Date: 2014-10-23 08:04 am (UTC)
From: [identity profile] m50d.wordpress.com
The same reasoning about attack surfaces applies to other OS' container systems, like BSD jails or Solaris zones, right? So have any of them undergone this kind of rigorous security analysis? I'd expect Sun/Oracle or maybe even Joyent to have put some effort in, but maybe I'm being overly optimistic. So are there any audited container-like systems out there, or is every option in the same boat?

Date: 2014-10-23 02:47 pm (UTC)
From: (Anonymous)
You're not being overly optimistic: Sun did extensive analysis when the zones work was being done -- to the point of (somewhat famously) having a company-wide contest (with significant cash prizes) for finding an exploit in zones. Faults aside, Sun had many creative engineers, and many tried to find exploits. In the end, a single exploit was found that was somewhat dubious (it allowed for denial-of-service, but not necessarily privilege escalation), but it was fixed nonetheless -- and this was over a decade ago. In the years since, there has never been a privilege escalation discovered with Solaris zones (or with its descendant technologies in the open source illumos). At Joyent (where I am the CTO) we have run SmartOS containers in multi-tenant production for 8 years; we have built our business on it, and we take its security very seriously!

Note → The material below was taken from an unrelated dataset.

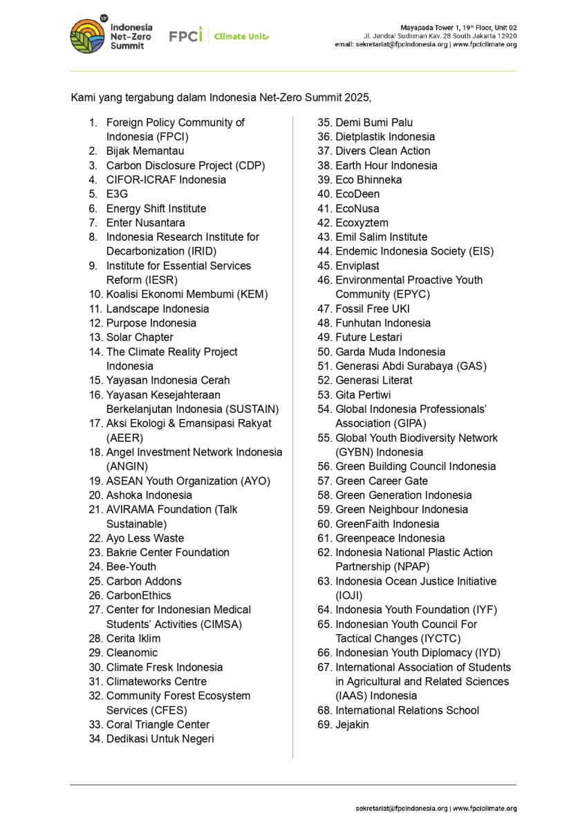 Melalui Indonesia Net-Zero Summit 2025, kami menyerukan dan mengusulkan agar segenap jajaran pemerintah Indonesia menetapkan target iklim yang lebih ambisius, berbasis sains, dan selaras dengan 1,5°C.

Use-cases for lightweight containers

Date: 2014-10-23 12:51 pm (UTC)
From: [personal profile] pvanhoof
Right now it's still hard for application developers to start using nspawn and the likes.

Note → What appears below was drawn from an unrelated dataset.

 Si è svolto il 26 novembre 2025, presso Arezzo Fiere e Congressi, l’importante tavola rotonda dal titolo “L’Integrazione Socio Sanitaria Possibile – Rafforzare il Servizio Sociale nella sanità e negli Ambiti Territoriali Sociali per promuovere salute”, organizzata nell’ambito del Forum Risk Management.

Firstly systemd is not universal yet. With Debian having accepted it as init system I have really good hopes this will happen soon.

Secondly its lightweight containers are at the moment not yet completely fit for delegating a desktop service to. For example I want to run org.gnome.evolution.dataserver.Calendar4 in a container that is completely separate from the host, yet the hosts' calendar applet of gnome-shell needs to show the Calendar's contents.

That's because sd-bus isn't a public library yet and kdbus isn't universal either, yet. You'd need both, I learned yesterday, for applications to start using sd_bus_open_system_remote and bus_set_address_system_remote.

I have not figured out how to properly configure D-Bus service activation for service requests on the host to activate and nspawn the container providing the service. But according to Lennart that's also already possible through container socket activation. I just have not figured it out yet.

Re: Use-cases for lightweight containers

Date: 2014-10-23 04:33 pm (UTC)
From: (Anonymous)
Actually it's possible to do basic containerization without relying upon work being delegated to a privileged component such as systemd.

See https://gitorious.org/linted/linted/source/0178ba7e01bbfcae993394af8965a5365ec3816b:src/spawn/spawn.c

Re: Use-cases for lightweight containers

Date: 2014-10-23 11:14 pm (UTC)
From: (Anonymous)
Why not just bind mount the dbus socket into the container?

Re: Use-cases for lightweight containers

Date: 2014-10-23 11:22 pm (UTC)
From: (Anonymous)
Oh, and maybe for the activation bit you can make a .service that is aliased to dbus-yadayada then Wants=systemd-nspawn@mycont.service.

LSMs and containers

Date: 2014-10-23 01:50 pm (UTC)
From: (Anonymous)
I suspect that lack of per-namespace policy isn't the only problem with LSMs and containers. I'm very slowly working on improving this, but I'm not going to do the heavy lifting.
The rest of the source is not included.